In the entries below, begin at the line that has "Already mentioned above" and stop after the line that has "Enclosure 2Incapacitation Pay"; output those lines exactly, leaving out pictures.

Records contained in a dataset
▼

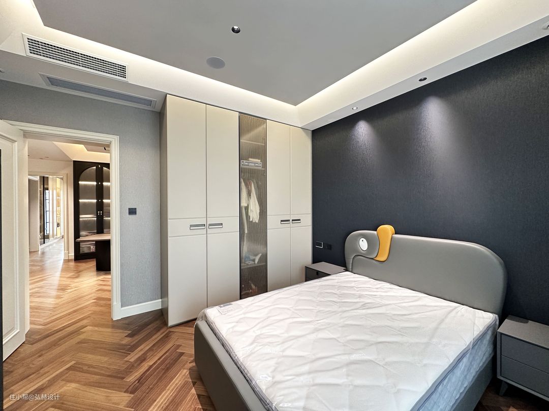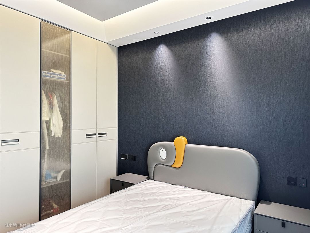 “静”儿童房的设计简单,藏蓝色+高级灰的碰撞,展现出男孩的帅气且个性的味道!床头一抹“黄”的点缀,也体现他活泼而阳光的内心!
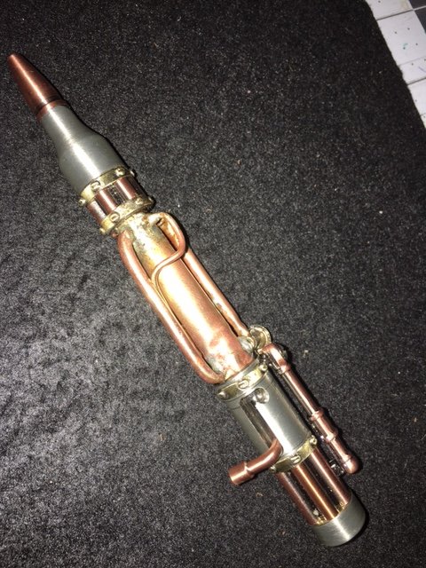 Already mentioned above that you found some electrical solder... it's fairly cheap stuff. You won't be needing the "silver solder" and the currently safer "plumbing safe" stuff that they want to charge an arm and a leg for, as your pen should stay safely out of the mouth of the recipient... On the other hand, you may want to print up a "lead content disclaimer" notice, if you plan to sell your pen in California....
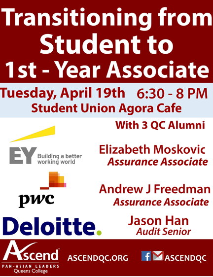 Ascend Event Annoucement: Deloitte, EY & PwC: Transitioning from Student to Associate Tuesday, April 19 6:30 - 8:00PM STUDENT UNION 1ST FLOOR - AGORA CAFÉ Our last infor session and the biggest event for the semester is on this coming Tuesday (tomorrow). We have invited three QC alumni,who are currently performaning audit practice at the Big 4 accounting firms. The three distinguished professionals are: Elizabeth Moskovic, Assurance Associate at EY , Andrew J Freedman,Assurance Associate at PwC, and Jason Han, Audit Senior at Deloitte. The speakers will share with us their Big 4 job landing process and their experience of working for a Big 4 firm. The event will cover topics such as interviews at Big 4 firms, the transition from a student to an associate, and busy season. This event is open to all business major students. Free food and drinks will be served.
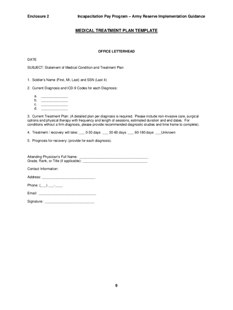 Enclosure 2Incapacitation Pay Program Army Reserve Implementation GuidanceMEDICAL TREATMENT PLAN TEMPLATEOFFICE LETTERHEAD DATE SUBJECT: Statement of Medical Condition and Treatment Plan1. Soldiers
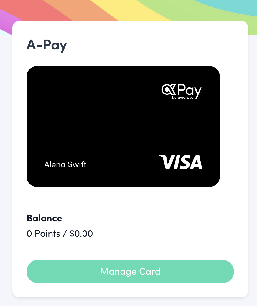 A-Pay is a virtual or physical card directly linked to your Awardco point balance. It seamlessly integrates with our Lifestyle Spending Account feature, enhancing your ability as an admin to manage subscriptions and memberships. To enable the A-Pay widget, navigate to the "Add Content" section on the left side of the page and click "Add" next to "A-Pay". This will display a widget on the homepage, allowing users to view their A-Pay purchasing power, card details, and spending limits.
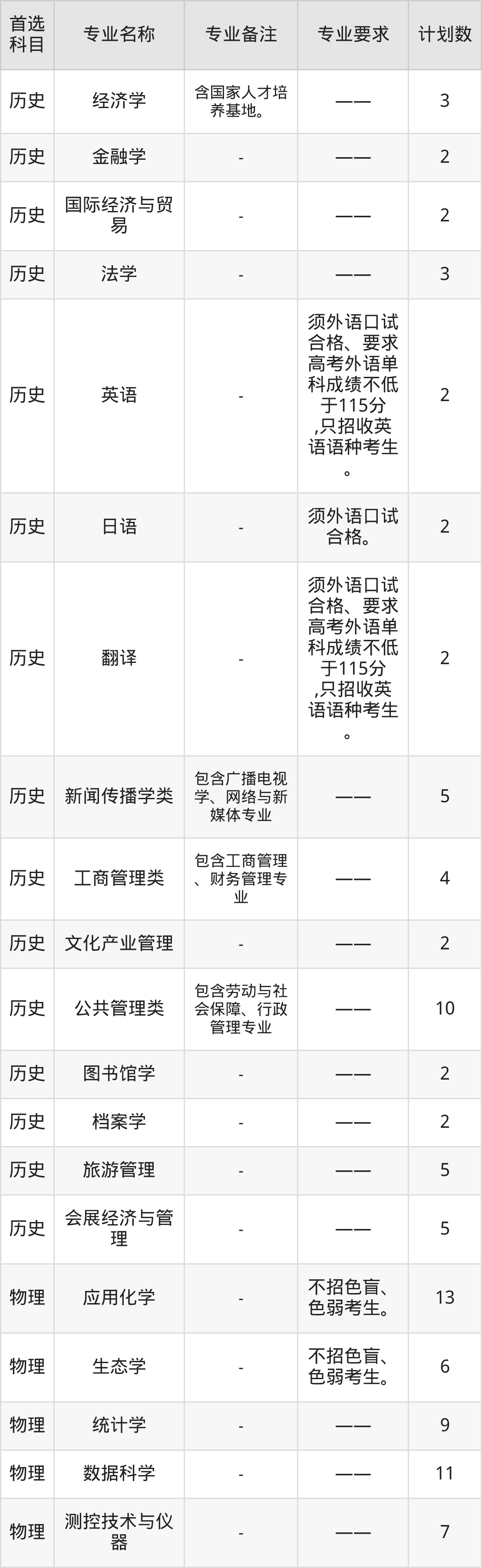 2025年福建师范大学在福建招生人数是300人,招生专业包括经济学、金融学、国际经济与贸易、法学、英语、日语、翻译、新闻传播学类、工商管理类、文化产业管理等。具体如下图所示:
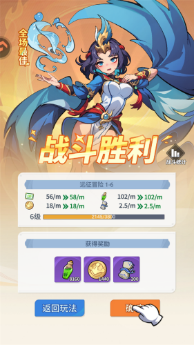 1、肉鸽爬塔横扫所有敌人,保证基本的战力水平就能解决所有敌人,基本不会出现过于困难的情况,非常有趣。

▲

ANSWER TO THIS TASK ->
 Already mentioned above that you found some electrical solder... it's fairly cheap stuff. You won't be needing the "silver solder" and the currently safer "plumbing safe" stuff that they want to charge an arm and a leg for, as your pen should stay safely out of the mouth of the recipient... On the other hand, you may want to print up a "lead content disclaimer" notice, if you plan to sell your pen in California....
 Ascend Event Annoucement: Deloitte, EY & PwC: Transitioning from Student to Associate Tuesday, April 19 6:30 - 8:00PM STUDENT UNION 1ST FLOOR - AGORA CAFÉ Our last infor session and the biggest event for the semester is on this coming Tuesday (tomorrow). We have invited three QC alumni,who are currently performaning audit practice at the Big 4 accounting firms. The three distinguished professionals are: Elizabeth Moskovic, Assurance Associate at EY , Andrew J Freedman,Assurance Associate at PwC, and Jason Han, Audit Senior at Deloitte. The speakers will share with us their Big 4 job landing process and their experience of working for a Big 4 firm. The event will cover topics such as interviews at Big 4 firms, the transition from a student to an associate, and busy season. This event is open to all business major students. Free food and drinks will be served.
 Enclosure 2Incapacitation Pay Program Army Reserve Implementation GuidanceMEDICAL TREATMENT PLAN TEMPLATEOFFICE LETTERHEAD DATE SUBJECT: Statement of Medical Condition and Treatment Plan1. Soldiers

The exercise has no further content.